[Saved data entries]
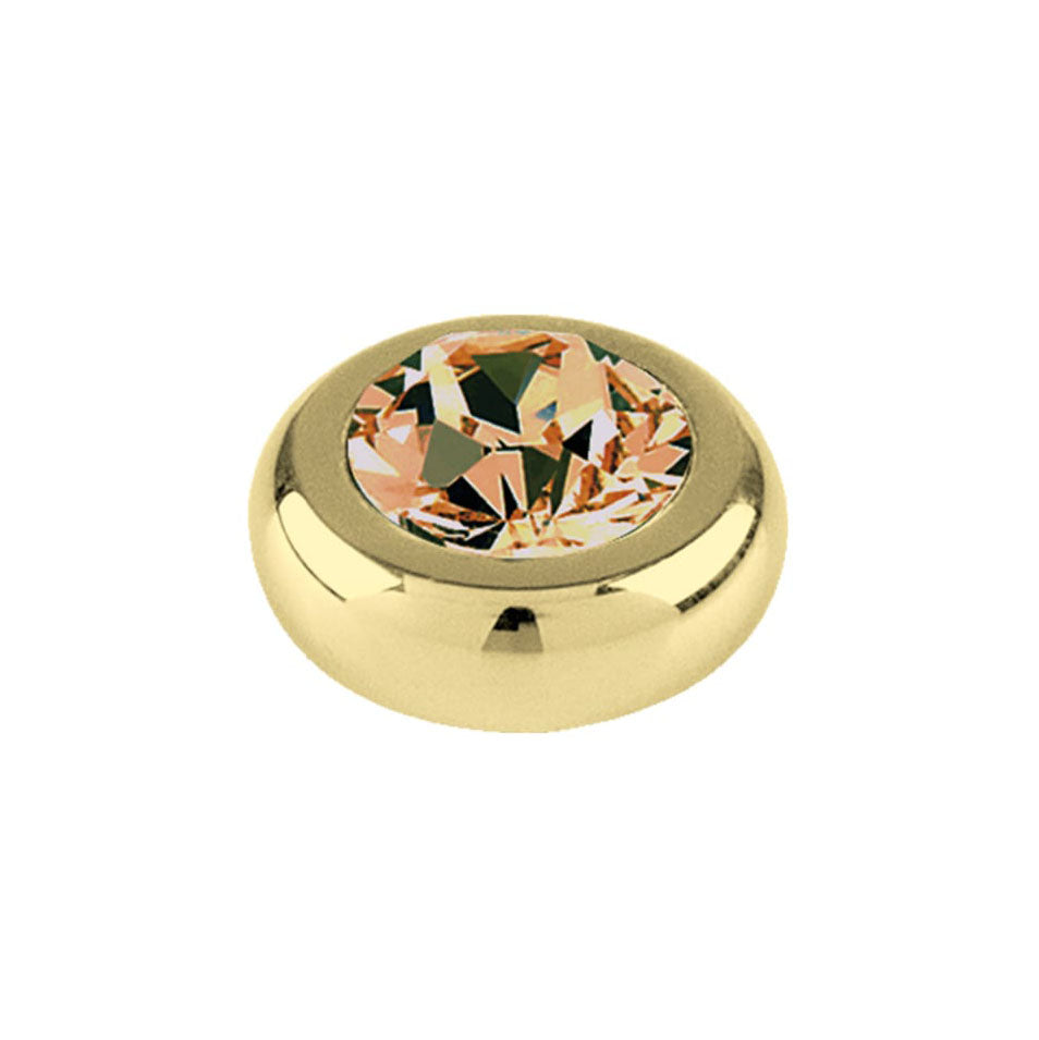 Fra Dyrberg/Kern`s Compliments-kolleksjon i rustfritt stål: Design din egen ring med JOY-toppen: light topaz og gulltonet finish.
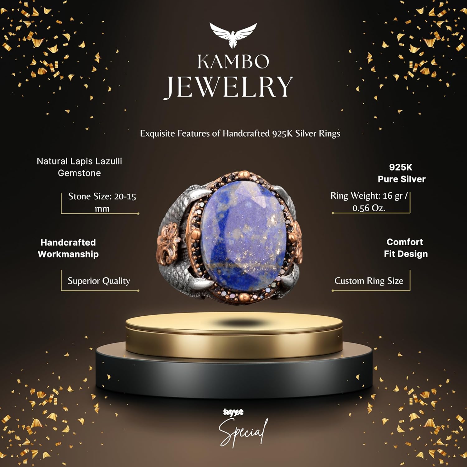 Gerçek Doğal Sodalit Taşı Yüzük, Şahin Pençesi Yüzük, 925 Ayar Gümüş Erkek Yüzük
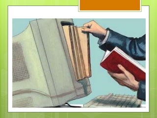 Este documento describe diferentes fuentes de información digital, incluyendo bibliotecas virtuales, bancos de información y bibliografías. Explica que las bibliotecas virtuales y bancos de información contienen datos organizados de forma temática provenientes de fuentes confiables, mientras que las bibliografías citan recursos de investigación específicos. También destaca la importancia de saber investigar para obtener información confiable de estas fuentes.
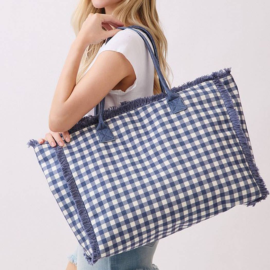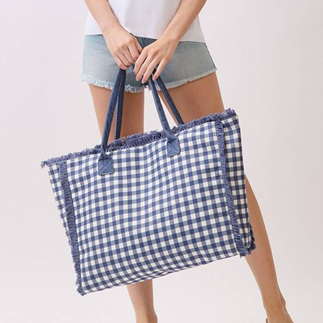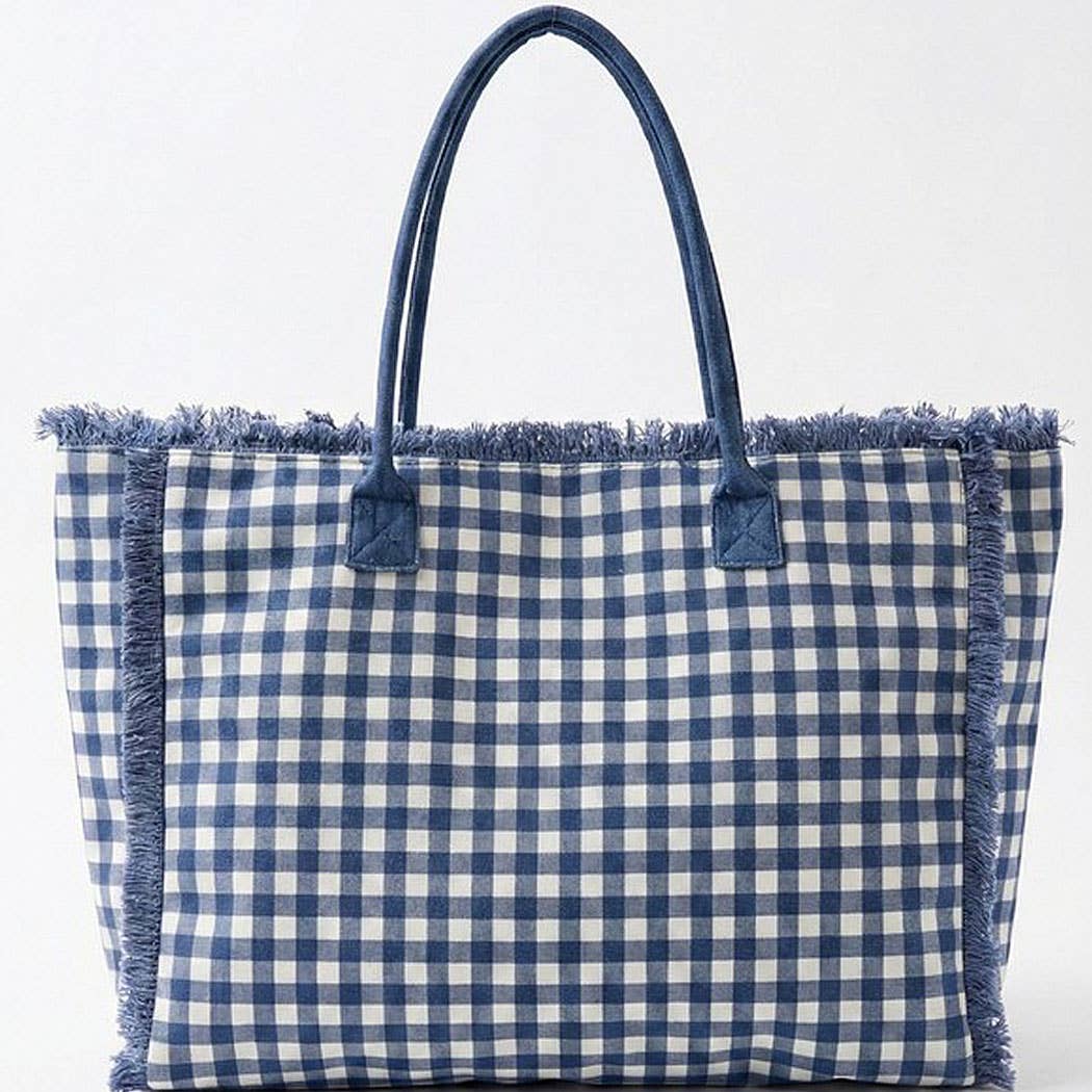 Grab this navy gingham tote and you're ready for anything! Soft terry cloth hugs a timeless gingham check design, while charming frayed edges add a touch of carefree cool. Measuring 22.5"x14"x5", it's built tough for all your warm-weather escapades. Reliable handles keep everything secure, and the spacious interior swallows sunscreen, snacks, and sundresses without breaking a sweat. Perfect for poolside hangs, casual brunches, or lazy beach days—this playful bag pairs practicality with undeniable charm.
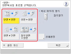 단면] 복사를 실행하기 위해 원고대에 양면 원고를 세트하려는 경우 [연속스캔]을 지정합니다. (See "연속 스캔.")[좌우양면
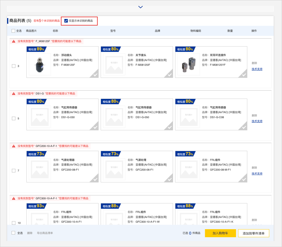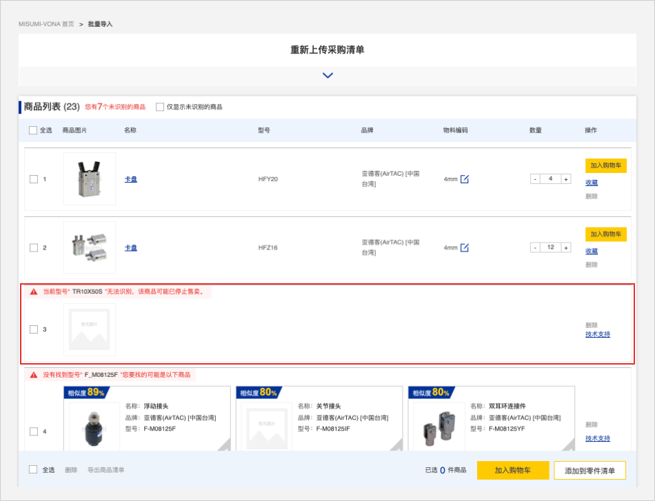 對于正常商品選中后可以【加入購物車】【添加到零件清單】【導(dǎo)出商品清單】【刪除】【收藏】以及物料編碼和數(shù)量的編輯

Exercise details →
Restate word for word the lines that begin at the one containing "Gerçek Doğal Sodalit" and end with the final line of the records. Pictures stay out.

Your solution →
 Gerçek Doğal Sodalit Taşı Yüzük, Şahin Pençesi Yüzük, 925 Ayar Gümüş Erkek Yüzük
 Este documento describe diferentes fuentes de información digital, incluyendo bibliotecas virtuales, bancos de información y bibliografías. Explica que las bibliotecas virtuales y bancos de información contienen datos organizados de forma temática provenientes de fuentes confiables, mientras que las bibliografías citan recursos de investigación específicos. También destaca la importancia de saber investigar para obtener información confiable de estas fuentes.
 Grab this navy gingham tote and you're ready for anything! Soft terry cloth hugs a timeless gingham check design, while charming frayed edges add a touch of carefree cool. Measuring 22.5"x14"x5", it's built tough for all your warm-weather escapades. Reliable handles keep everything secure, and the spacious interior swallows sunscreen, snacks, and sundresses without breaking a sweat. Perfect for poolside hangs, casual brunches, or lazy beach days—this playful bag pairs practicality with undeniable charm.
 단면] 복사를 실행하기 위해 원고대에 양면 원고를 세트하려는 경우 [연속스캔]을 지정합니다. (See "연속 스캔.")[좌우양면
 對于正常商品選中后可以【加入購物車】【添加到零件清單】【導(dǎo)出商品清單】【刪除】【收藏】以及物料編碼和數(shù)量的編輯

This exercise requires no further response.